> [WHAT THE EXERCISE ASKS] Nothing but an exact repeat of the data, with pictures removed, belongs in the answer.

> [RECORDED DATA]

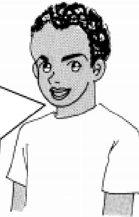
2-ой участник разговора

Нет, нельзя. Для этой истории важен именно камень.
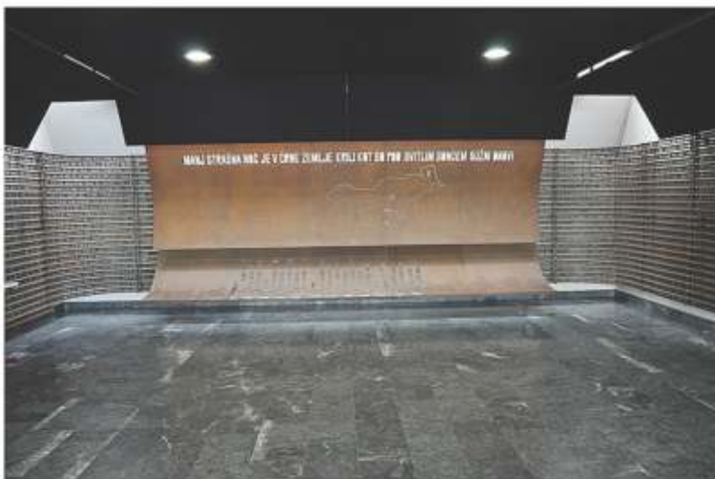
Razstava Moč in nemoč spomenikov – vhod v Dolenjski muzej

> [RESPONSE]
2-ой участник разговора

Нет, нельзя. Для этой истории важен именно камень.
Razstava Moč in nemoč spomenikov – vhod v Dolenjski muzej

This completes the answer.